HOW TO COMPLETE THIS TASK:
After finding the line containing "Raw pattern match" below, please output that line and each following one through the line containing "The force exerted", exactly as written.

AVAILABLE RECORDS:
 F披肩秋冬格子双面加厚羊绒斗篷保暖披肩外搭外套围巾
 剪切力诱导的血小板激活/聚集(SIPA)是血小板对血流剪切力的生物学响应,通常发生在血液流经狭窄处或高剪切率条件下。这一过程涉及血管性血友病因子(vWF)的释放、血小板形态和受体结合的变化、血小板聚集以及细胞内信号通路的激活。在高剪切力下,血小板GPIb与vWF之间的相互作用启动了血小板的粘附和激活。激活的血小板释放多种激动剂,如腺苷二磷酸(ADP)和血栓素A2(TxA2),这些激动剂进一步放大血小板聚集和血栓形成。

==

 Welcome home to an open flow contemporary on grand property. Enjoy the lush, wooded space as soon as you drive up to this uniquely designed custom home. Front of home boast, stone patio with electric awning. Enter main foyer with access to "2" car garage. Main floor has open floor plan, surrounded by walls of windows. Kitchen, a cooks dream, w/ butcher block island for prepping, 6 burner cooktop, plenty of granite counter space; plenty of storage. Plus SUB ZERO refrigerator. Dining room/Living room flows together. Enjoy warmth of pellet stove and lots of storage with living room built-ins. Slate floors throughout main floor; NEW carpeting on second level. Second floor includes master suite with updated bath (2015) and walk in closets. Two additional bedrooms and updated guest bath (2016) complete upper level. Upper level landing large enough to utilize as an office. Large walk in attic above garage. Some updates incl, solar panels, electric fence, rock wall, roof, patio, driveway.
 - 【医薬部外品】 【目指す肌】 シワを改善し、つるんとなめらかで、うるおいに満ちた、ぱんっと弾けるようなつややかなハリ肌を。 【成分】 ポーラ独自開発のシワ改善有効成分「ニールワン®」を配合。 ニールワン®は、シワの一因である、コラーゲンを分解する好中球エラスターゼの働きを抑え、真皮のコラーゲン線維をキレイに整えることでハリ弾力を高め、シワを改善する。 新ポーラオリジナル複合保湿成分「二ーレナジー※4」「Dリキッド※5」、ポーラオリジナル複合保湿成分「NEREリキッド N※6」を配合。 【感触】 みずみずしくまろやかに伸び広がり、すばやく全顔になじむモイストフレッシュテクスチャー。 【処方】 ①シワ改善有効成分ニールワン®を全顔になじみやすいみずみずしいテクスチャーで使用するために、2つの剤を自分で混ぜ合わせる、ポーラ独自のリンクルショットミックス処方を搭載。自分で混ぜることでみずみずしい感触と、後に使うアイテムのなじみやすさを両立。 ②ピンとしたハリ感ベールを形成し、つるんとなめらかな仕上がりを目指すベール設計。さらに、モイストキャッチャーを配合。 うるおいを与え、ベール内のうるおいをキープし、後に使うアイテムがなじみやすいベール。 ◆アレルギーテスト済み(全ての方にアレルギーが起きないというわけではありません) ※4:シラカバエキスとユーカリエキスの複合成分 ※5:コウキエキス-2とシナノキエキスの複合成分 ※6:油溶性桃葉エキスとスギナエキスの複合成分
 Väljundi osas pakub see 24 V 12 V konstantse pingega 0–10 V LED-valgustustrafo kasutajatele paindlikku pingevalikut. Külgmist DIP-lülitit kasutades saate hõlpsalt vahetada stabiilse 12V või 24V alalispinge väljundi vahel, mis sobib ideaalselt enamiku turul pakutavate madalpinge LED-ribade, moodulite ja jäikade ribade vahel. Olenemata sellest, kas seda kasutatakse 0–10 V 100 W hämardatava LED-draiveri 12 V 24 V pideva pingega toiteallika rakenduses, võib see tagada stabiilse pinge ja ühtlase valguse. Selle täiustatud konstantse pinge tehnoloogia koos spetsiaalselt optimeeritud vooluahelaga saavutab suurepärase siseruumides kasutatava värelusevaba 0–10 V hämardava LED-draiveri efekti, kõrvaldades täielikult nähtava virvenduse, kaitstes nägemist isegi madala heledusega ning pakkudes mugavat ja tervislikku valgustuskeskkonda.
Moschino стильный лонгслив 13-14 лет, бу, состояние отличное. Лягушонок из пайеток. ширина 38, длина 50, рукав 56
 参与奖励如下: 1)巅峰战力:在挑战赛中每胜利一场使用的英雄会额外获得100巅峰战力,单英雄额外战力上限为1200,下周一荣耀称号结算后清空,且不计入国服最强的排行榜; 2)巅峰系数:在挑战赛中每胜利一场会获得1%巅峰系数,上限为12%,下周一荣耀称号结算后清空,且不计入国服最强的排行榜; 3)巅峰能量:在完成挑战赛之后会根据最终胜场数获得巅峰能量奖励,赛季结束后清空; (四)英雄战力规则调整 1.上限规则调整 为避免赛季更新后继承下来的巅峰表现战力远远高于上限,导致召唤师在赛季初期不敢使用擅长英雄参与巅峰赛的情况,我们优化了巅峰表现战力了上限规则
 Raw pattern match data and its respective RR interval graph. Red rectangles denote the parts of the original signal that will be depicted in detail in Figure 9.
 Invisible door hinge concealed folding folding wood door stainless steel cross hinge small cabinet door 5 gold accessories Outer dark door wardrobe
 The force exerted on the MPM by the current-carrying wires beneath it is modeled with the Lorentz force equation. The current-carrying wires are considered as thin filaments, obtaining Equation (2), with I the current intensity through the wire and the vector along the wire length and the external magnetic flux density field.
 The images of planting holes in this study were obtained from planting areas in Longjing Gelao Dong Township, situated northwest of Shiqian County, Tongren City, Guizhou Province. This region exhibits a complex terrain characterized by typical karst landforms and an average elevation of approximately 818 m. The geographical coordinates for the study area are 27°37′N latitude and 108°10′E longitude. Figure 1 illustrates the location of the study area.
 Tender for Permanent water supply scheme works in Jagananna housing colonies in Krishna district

==

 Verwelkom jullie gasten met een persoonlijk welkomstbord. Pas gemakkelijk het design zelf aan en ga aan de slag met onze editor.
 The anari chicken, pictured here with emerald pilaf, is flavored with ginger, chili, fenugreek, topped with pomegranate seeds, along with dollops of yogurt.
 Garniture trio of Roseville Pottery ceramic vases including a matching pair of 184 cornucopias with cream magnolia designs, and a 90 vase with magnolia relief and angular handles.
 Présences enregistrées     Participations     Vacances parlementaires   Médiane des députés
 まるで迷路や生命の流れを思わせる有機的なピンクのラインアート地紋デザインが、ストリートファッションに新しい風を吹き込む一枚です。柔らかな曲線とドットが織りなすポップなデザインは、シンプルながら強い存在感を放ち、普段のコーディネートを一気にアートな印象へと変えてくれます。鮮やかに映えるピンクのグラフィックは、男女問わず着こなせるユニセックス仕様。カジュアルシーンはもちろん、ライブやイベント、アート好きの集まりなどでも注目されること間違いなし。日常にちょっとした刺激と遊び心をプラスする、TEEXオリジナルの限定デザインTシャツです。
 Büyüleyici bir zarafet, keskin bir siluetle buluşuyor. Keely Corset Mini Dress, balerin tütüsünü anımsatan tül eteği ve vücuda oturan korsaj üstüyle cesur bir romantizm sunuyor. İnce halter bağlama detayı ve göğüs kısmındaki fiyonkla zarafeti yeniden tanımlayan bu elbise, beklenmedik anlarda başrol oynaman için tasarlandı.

ANSWER TO THE PROBLEM:
 Raw pattern match data and its respective RR interval graph. Red rectangles denote the parts of the original signal that will be depicted in detail in Figure 9.
 Invisible door hinge concealed folding folding wood door stainless steel cross hinge small cabinet door 5 gold accessories Outer dark door wardrobe
 The force exerted on the MPM by the current-carrying wires beneath it is modeled with the Lorentz force equation. The current-carrying wires are considered as thin filaments, obtaining Equation (2), with I the current intensity through the wire and the vector along the wire length and the external magnetic flux density field.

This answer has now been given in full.